■ ABOUT THIS TASK:
From the entries below, copy every line where the string "white" appears.

■ MATERIAL SUPPLIED:
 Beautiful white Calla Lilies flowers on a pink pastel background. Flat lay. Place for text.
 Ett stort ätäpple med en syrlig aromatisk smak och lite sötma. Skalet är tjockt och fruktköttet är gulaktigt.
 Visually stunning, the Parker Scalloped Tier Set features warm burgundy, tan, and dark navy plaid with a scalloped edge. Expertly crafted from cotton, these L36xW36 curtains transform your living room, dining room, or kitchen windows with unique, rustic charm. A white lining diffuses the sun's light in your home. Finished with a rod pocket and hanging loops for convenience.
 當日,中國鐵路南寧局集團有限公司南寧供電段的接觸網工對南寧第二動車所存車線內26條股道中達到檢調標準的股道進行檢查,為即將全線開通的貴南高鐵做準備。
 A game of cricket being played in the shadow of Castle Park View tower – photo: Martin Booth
--
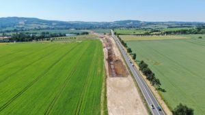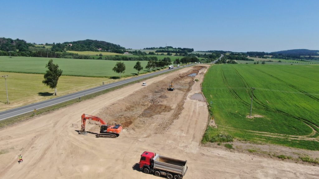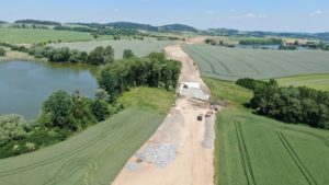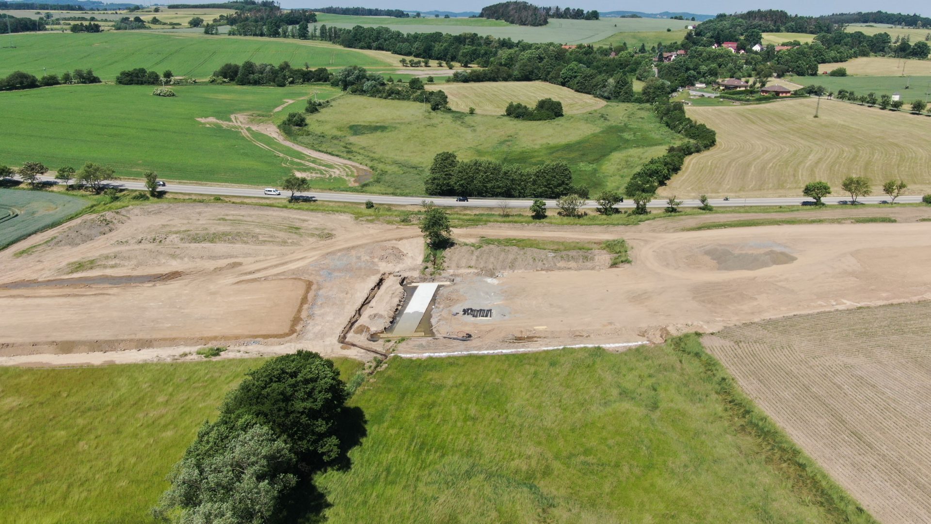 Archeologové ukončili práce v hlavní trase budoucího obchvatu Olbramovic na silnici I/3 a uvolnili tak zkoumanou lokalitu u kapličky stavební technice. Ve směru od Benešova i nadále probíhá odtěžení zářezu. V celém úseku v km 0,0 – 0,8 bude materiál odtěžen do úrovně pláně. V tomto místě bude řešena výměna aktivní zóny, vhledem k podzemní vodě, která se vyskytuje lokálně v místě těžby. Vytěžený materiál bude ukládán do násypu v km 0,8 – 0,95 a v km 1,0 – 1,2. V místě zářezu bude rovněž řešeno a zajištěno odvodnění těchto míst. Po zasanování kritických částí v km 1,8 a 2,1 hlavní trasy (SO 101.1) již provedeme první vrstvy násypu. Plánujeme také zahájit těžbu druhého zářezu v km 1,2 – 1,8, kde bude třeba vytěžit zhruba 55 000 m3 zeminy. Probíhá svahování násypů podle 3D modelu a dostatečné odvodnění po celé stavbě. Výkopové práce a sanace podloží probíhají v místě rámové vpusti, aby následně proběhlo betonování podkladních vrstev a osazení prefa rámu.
==
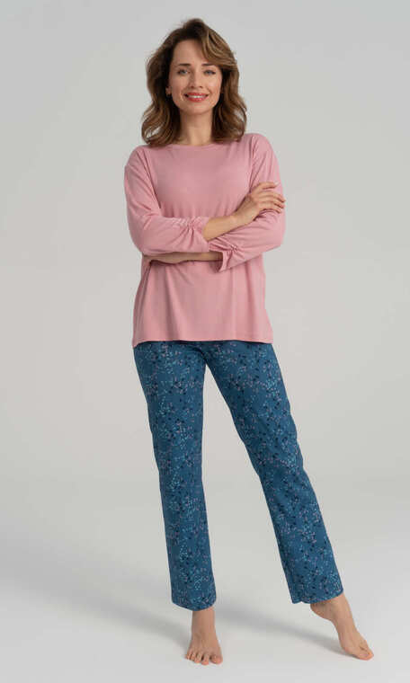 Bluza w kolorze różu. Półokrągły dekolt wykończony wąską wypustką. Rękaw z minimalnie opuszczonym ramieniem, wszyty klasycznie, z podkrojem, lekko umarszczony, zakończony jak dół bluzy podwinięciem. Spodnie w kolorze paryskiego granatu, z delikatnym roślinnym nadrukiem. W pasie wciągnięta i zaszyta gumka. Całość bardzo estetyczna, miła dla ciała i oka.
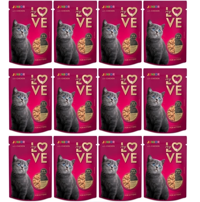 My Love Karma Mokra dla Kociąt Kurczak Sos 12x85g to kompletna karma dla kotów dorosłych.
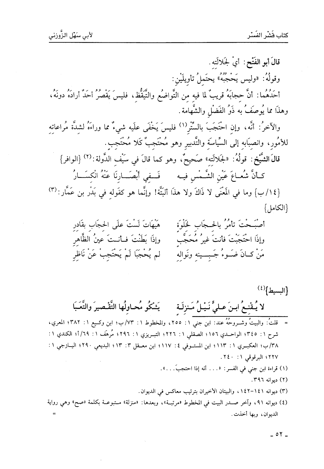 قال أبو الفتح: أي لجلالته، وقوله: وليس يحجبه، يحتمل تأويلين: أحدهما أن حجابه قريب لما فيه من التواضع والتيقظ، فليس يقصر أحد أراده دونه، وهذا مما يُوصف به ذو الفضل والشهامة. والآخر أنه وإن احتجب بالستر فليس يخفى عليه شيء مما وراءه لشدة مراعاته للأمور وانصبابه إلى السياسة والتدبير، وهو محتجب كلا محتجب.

■ WRITTEN ANSWER:
 Beautiful white Calla Lilies flowers on a pink pastel background. Flat lay. Place for text.
 Visually stunning, the Parker Scalloped Tier Set features warm burgundy, tan, and dark navy plaid with a scalloped edge. Expertly crafted from cotton, these L36xW36 curtains transform your living room, dining room, or kitchen windows with unique, rustic charm. A white lining diffuses the sun's light in your home. Finished with a rod pocket and hanging loops for convenience.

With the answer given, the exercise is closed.